> _WHAT THIS TASK INVOLVES_: Print every line from the start of the data, and when you reach the line with "с крышкой бело-красный", include it and stop. Pictures are not part of the copy.

> _DATA SEGMENT_:
□ □ □ □ □
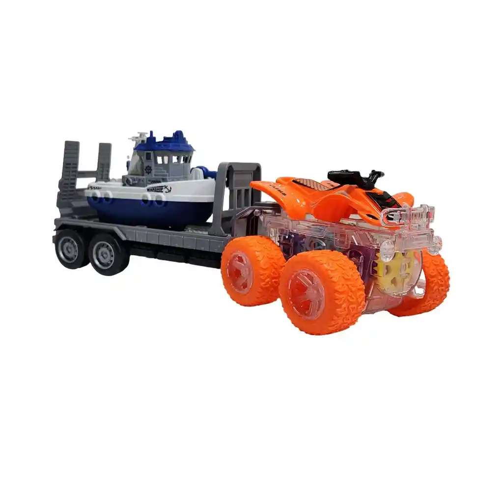 ¡Prepárate para una doble aventura por tierra y mar con este increíble set de transporte! Una poderosa cuatrimoto con un diseño espectacular lidera la expedición, luciendo un chasis transparente que revela un fascinante show de engranajes de colores y luces mientras se mueve. Engancha su remolque de alta resistencia para transportar el detallado barco hacia su próximo destino acuático. Al encenderlo, este vehículo todo terreno cobra vida y avanza por sí solo, mostrando su increíble mecanismo interno en acción. Es el juguete 3 en 1 perfecto para los pequeños exploradores, combinando la emoción de la velocidad en tierra con la imaginación de las aventuras náuticas para horas de juego sin fin. Ficha Técnica: Material: Plástico ABS Dimensiones Del Vehículo : 27 cm x 10 cm x 8 cm Apto para: + 3 Años Referencia: YM-1109T1 Certificado de conformidad: CS-LCO-13233-2021S2/432 ** _Para defectos de fábrica o retractos: \_Por favor revise el producto apenas lo reciba y antes de usarlo. No aplican ley de retracto o defectos de fábrica luego de usar el producto. Se manejan máximo 5 días para reportar defectos de fábrica (por ejemplo, producto funciona mal, piezas faltantes, rotas, etc). Para hacer efectiva la devolución el producto debe devolverse con el empaque original, el cual debe estar en buen estado, incluir todos los documentos y las partes completas y sin daños.
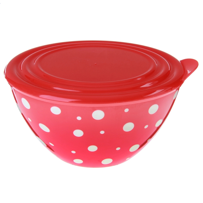 Салатник «Горошек» 1,45л с крышкой бело-красный
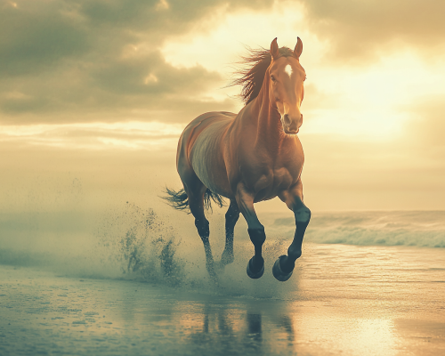 Full body portrait photo of a beautiful brown horse running frisky by the beach , classic vintage style , 1960s, photo taken at dawn , sunlight is almost blinding, editorial photography, emotional art, shapes are fluid and undefined, high definition digital art, negative color, a mix of pastel colors and neon, a poetic and creative perspective, inspired by Man Ray's visionary photography, large-screen camera, photo art that is also inspired by digital art, cold color scale with hints of flickering neon, --ar 5:4 --p 6s1y8tz
□ □ □ □ □
> _TASK ANSWER_:
 ¡Prepárate para una doble aventura por tierra y mar con este increíble set de transporte! Una poderosa cuatrimoto con un diseño espectacular lidera la expedición, luciendo un chasis transparente que revela un fascinante show de engranajes de colores y luces mientras se mueve. Engancha su remolque de alta resistencia para transportar el detallado barco hacia su próximo destino acuático. Al encenderlo, este vehículo todo terreno cobra vida y avanza por sí solo, mostrando su increíble mecanismo interno en acción. Es el juguete 3 en 1 perfecto para los pequeños exploradores, combinando la emoción de la velocidad en tierra con la imaginación de las aventuras náuticas para horas de juego sin fin. Ficha Técnica: Material: Plástico ABS Dimensiones Del Vehículo : 27 cm x 10 cm x 8 cm Apto para: + 3 Años Referencia: YM-1109T1 Certificado de conformidad: CS-LCO-13233-2021S2/432 ** _Para defectos de fábrica o retractos: \_Por favor revise el producto apenas lo reciba y antes de usarlo. No aplican ley de retracto o defectos de fábrica luego de usar el producto. Se manejan máximo 5 días para reportar defectos de fábrica (por ejemplo, producto funciona mal, piezas faltantes, rotas, etc). Para hacer efectiva la devolución el producto debe devolverse con el empaque original, el cual debe estar en buen estado, incluir todos los documentos y las partes completas y sin daños.
 Салатник «Горошек» 1,45л с крышкой бело-красный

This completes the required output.